Я бы заячьи уши пришил к лицу,

наглотался б в лесах за тебя свинцу,

но и в черном пруду из дурных коряг

я бы всплыл пред тобой, как не смог «Варяг».

Но, видать, не судьба, и года не те…

Прекрасное стихотворение «Дружок», ставшее позже песней. Так и видишь храброго зайца со свисающими вниз ушами, готового на всё ради своей любимой. Может быть, мировая поэзия и выиграла от этой неразделенной любви, но вряд ли поэт использовал образ Марины Басмановой лишь как символ любви, как прообраз Лауры или Беатриче. Может, он тогда и вены резал не один раз тоже ради поэтической игры? Может, поехал из Москвы прямо в лапы к ждущей его милиции и к своему судебному сроку все ради того же поэтического образа?

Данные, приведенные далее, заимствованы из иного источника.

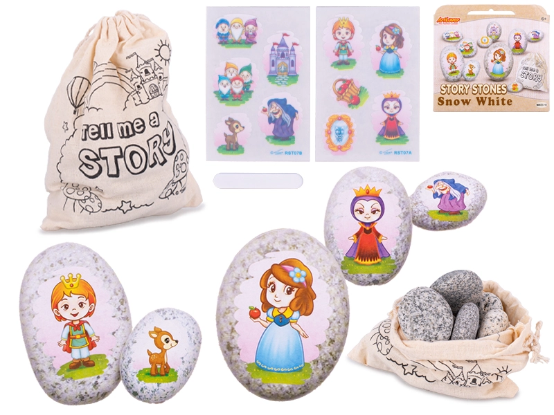 Zestaw zawiera 10 starannie dobranych naturalnych kamyków z naklejkami z postaciami i elementami z baśni KRÓLEWNA ŚNIEŻKA. Dzieci mogą odtwarzać ulubioną historię lub tworzyć własne wersje – idealne do zabawy w domu, aktywności szkolnych i w podróży.
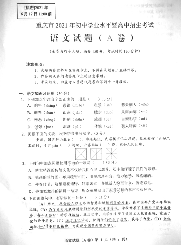 上一篇:2021年四川自贡初中学业水平考试语文试卷
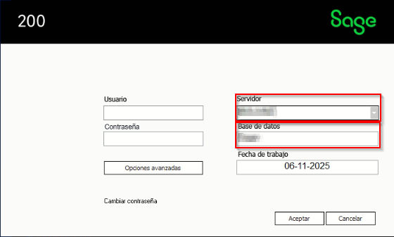 Abrir el cliente de Sage, para verificar que el nombre del servidor y de la base de datos sea el correcto. Esto lo pueden comprobar haciendo clic en "Opciones avanzadas":

Нет, как бы ни кривились иные оппонентки, Иосиф Бродский был поглощен одной на многие годы и десятилетия любовной страстью к конкретному человеку, любил его со всей определенностью и детальностью. Он мог войти в любую роль, чтобы прояснить свои чувства, но роль возлюбленного он не играл никогда. Он мог сколько угодно играть в зайца — это был его карнавал, но именно его, и никого больше. Заячья игра была им придумана не для парадных встреч, а для хоть какого-то объяснения своей любви. Но когда пришла зима в их любви, тут уж не помогали никакие храбрые пляски:

Пришла зима. Ни рыб, ни мух, ни птиц.

Лишь воет волк да зайцы пляшут храбро.

Как ни пляши, но опять же из его «заячьих стихов» мы знаем:

Что тут скорбеть? Вот и достиг сходства велика.

Вот тебе месть: сам разгляди сразу два зайца.

Тщишься расчесть, милый, поди, с кем оказался?..

И уже в 1980 году, тогда же, когда был написан «Дружок» с пришитыми заячьими ушами, пишутся и «Стихи о зимней кампании…»:

Если что-то чернеет, то только буквы.

Как следы уцелевшего чудом зайца…

Но забудем об уцелевшем чудом зайце, пришившем уши к лицу, чтобы хоть в этом шутовском облике оказаться рядом с любимой. Его прекрасные любовные стихи, его «Новые стансы к Августе» всегда были обеспечены реальным содержанием. Да еще каким! Новогоднюю ночь с 1963 на 1964 год Марина Басманова провела в Комарове на писательской даче вместе с Дмитрием Бобышевым. От этих страстей загорелись даже занавески на окнах дачи. Позже Бобышев вспоминал:

Но как остановились эти лица,

когда вспорхнула бешеная птица

в чужом дому на занавес в окне,

в чужом дому, в своем дыму, в огне…

Немногое пришлось тогда спасти!

Нет, дом был цел, но с полыханьем стога

сгорали все обратные пути,

пылали связи…

…Моя свобода и твоя отвага —

не выдержит их белая бумага,

и должен этот лист я замарать

твоими поцелуями, как простынь,

и складками, и пеплом папиросным,

и обещанием имен не раскрывать.

Я не собираюсь ни в чем оправдывать Бобышева, восполнившего свою поэтическую зависть к таланту Бродского романом с его невестой. Прав Сергей Довлатов, написавший: «Знаю я Диму, переспит с чужой женой и скажет — я познал Бога!» Увы, так и было. По-мужски его и на дуэль можно было вызвать, и морду набить, и просто с моста какого-нибудь сбросить. Тем более он знал, что по пятам за Иосифом ходят гэбэшники — и подло спровоцировал его на приезд из спасительной Москвы в Питер. А дальше, как и положено, арест, суд, ссылка в Норенскую.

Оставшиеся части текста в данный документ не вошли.